Hiring managers have a big influence on the fates of job applicants. Unconcious biases held by individuals who process job applications may have long-term effects on who gets hired and thus employee diversity (or lack thereof). In a study of 4870 resumes sent to companies, we confirmed racial bias against applications with African American-sounding names. In our study, where 'black-sounding' and 'white-sounding names were randomly assigned to identical resumes, the proportion of 'black' resumes receiving follow-up calls from hiring managers (0.06) was significantly lower than the proportion of 'white' resumes (0.1) receiving calls (z = 4.108, p = 0.00). We recommend hiring managers incorporate strict practices to prevent biased hiring such as removing names, and even ages from visible resume fields during application reviews.

## Q5: Does your analysis mean that race/name is the most important factor in callback success? Why or why not? If not, how would you amend your analysis?

* __Is race/name the most important factor for call-backs?__: There are many other variables in the dataset that we have not explored yet. There could be other factors that are more influential. There could be interactive effects (e.g., race+gender may be have a bigger influence than each alone).
* __Amend analysis__: This study was designed specifically to test for effects of racial bias on resume success. It is important not to try to find other, unrelated effects hidden in the data that were not originally addressed by the study design. However, there could be combined factors that further elucidate concious and unconcious bias of hiring managers. For example the difference in proportions in sub-groups of applicants could be even more different than for the whole pool of applicants (e.g., women, certain types of positions, entry level positions, etc.).

### Alternative approach: Intead of comparing ratios use $\chi^2$ test of independence to see if observed counts are differnt than expected.

#### The question of weather racial discrimination occurred during the call-back phase of job application processing based on the applicants name and assumed race is can also be addressed by testing whether the frequency distribution of call-backs is different than the expected distribution with no bias. _The Chi-squared test is appropriate when you have count data (observed frequencies) of a categorical event to compare to expected frequencies under the null hypothesis._ A simple example of a Chi-square test is to determine if a coin is 'fair' by flipping it many times and recording the outcomes, and then comparing the frequency of heads to that expected from a fair coin.
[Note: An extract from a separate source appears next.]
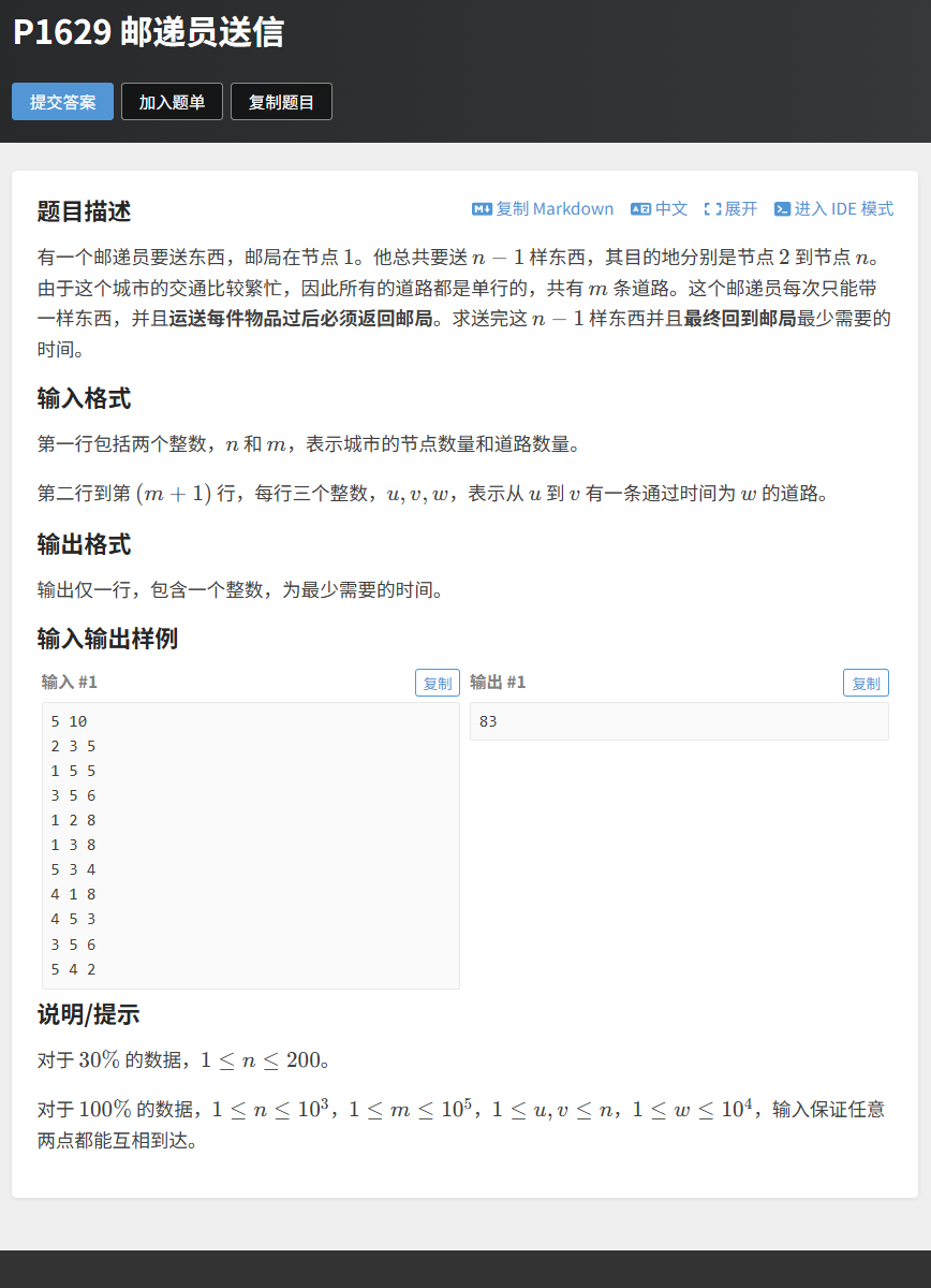 题目链接:P1629 邮递员送信

__Interpretation:__ Based on the chi-square test we reject our null hypothesis. The observed proportion of call-backs is not equal for the assumed racial categories. The chi-square test statistic is large and the p-value is small. The critical value for this test is much lower than the critical value. There is no margin of error for chi-squared distributions because the distribution is not symmetric.

In [12]:
# calculate chi-square statistic and p-value
# make a version of the contingency table without margin totals
table2 = pd.crosstab(data.race, data.call)
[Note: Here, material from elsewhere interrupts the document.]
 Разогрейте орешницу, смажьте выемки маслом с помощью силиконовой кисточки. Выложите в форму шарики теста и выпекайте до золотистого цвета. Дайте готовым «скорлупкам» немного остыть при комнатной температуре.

# calculate chi-square statistic, p-value,degrees of freedom, and expected frequencies from the observed data
chi2, p, dof, ex = stats.chi2_contingency(table2, correction=True)
print('Test statistic:', chi2)
print('p-value:', p)
print('Degrees of Freedom:', dof)
print('Expected frequencies:', ex)

Test statistic: 16.4490285842
p-value: 4.99757838996e-05
Degrees of Freedom: 1
Expected frequencies: [[ 2239.   196.]
 [ 2239.   196.]]


In [13]:
# find the chi-square critical value for 95% confidence
crit = stats.chi2.ppf(q =0.95, df = dof)
print('Critical value:', crit)

Critical value: 3.84145882069


The results of the $\chi^2$ test also support rejecting the null hypothesis. The observed proportion of call-backs is not equal for the two groups. Specifically, the black-sounding names on resumes resulted in a lower number of call-backs than white sounding names, and the difference is statistically significant.